MATERIAL FOR THE TASK:

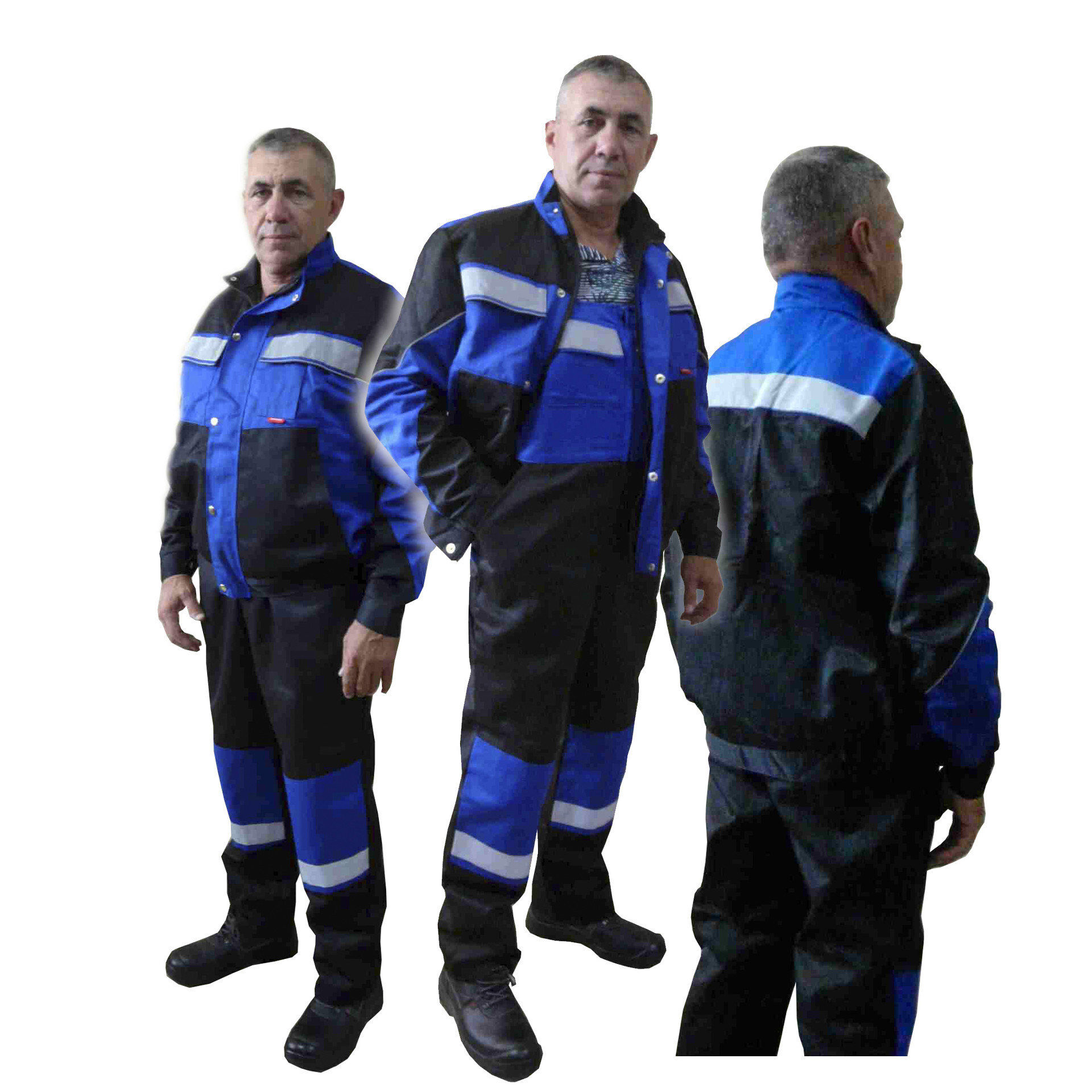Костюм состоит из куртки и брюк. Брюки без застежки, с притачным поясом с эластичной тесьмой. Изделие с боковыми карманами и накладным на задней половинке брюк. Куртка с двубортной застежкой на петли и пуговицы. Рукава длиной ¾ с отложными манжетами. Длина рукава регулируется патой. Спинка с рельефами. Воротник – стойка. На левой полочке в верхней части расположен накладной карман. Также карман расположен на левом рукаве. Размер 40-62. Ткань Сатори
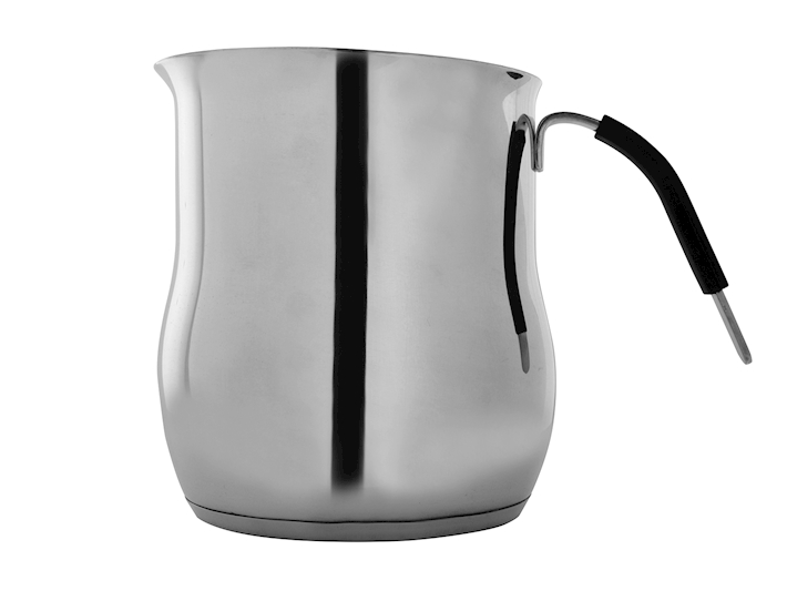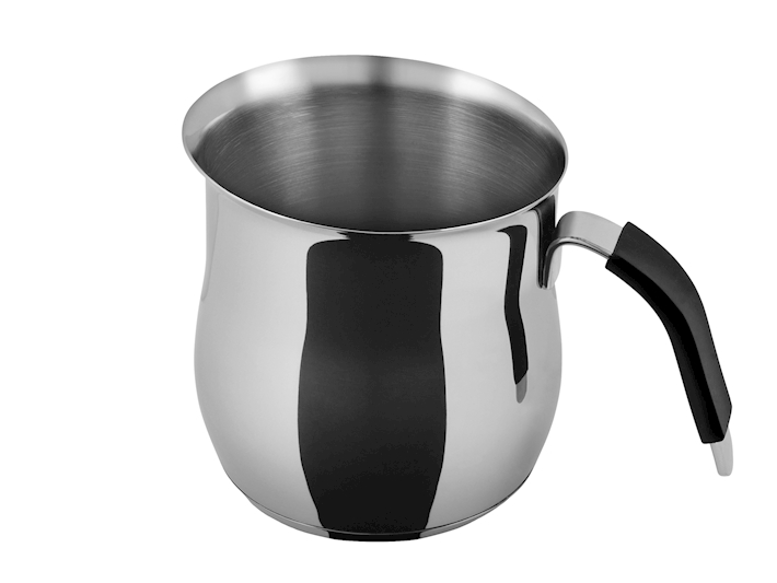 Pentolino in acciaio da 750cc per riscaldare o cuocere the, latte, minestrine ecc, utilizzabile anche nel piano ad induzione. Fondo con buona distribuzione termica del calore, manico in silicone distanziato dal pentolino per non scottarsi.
* * *
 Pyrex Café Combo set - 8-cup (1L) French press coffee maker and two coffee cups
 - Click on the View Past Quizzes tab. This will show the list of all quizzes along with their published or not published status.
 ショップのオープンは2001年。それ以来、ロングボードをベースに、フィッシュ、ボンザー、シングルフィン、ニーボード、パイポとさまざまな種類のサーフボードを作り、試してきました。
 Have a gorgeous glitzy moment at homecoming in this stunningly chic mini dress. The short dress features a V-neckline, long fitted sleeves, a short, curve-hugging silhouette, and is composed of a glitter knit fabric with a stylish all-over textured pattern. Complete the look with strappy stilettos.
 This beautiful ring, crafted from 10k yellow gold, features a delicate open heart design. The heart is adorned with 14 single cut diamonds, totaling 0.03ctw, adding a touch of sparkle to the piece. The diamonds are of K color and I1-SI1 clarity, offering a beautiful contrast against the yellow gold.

WHAT YOU WILL DO:
Set down, exactly as they stand above, the lines starting with the line with "Have a gorgeous" and going on through the line with "This beautiful ring, crafted", and no others.

RESPONSE:
 Have a gorgeous glitzy moment at homecoming in this stunningly chic mini dress. The short dress features a V-neckline, long fitted sleeves, a short, curve-hugging silhouette, and is composed of a glitter knit fabric with a stylish all-over textured pattern. Complete the look with strappy stilettos.
 This beautiful ring, crafted from 10k yellow gold, features a delicate open heart design. The heart is adorned with 14 single cut diamonds, totaling 0.03ctw, adding a touch of sparkle to the piece. The diamonds are of K color and I1-SI1 clarity, offering a beautiful contrast against the yellow gold.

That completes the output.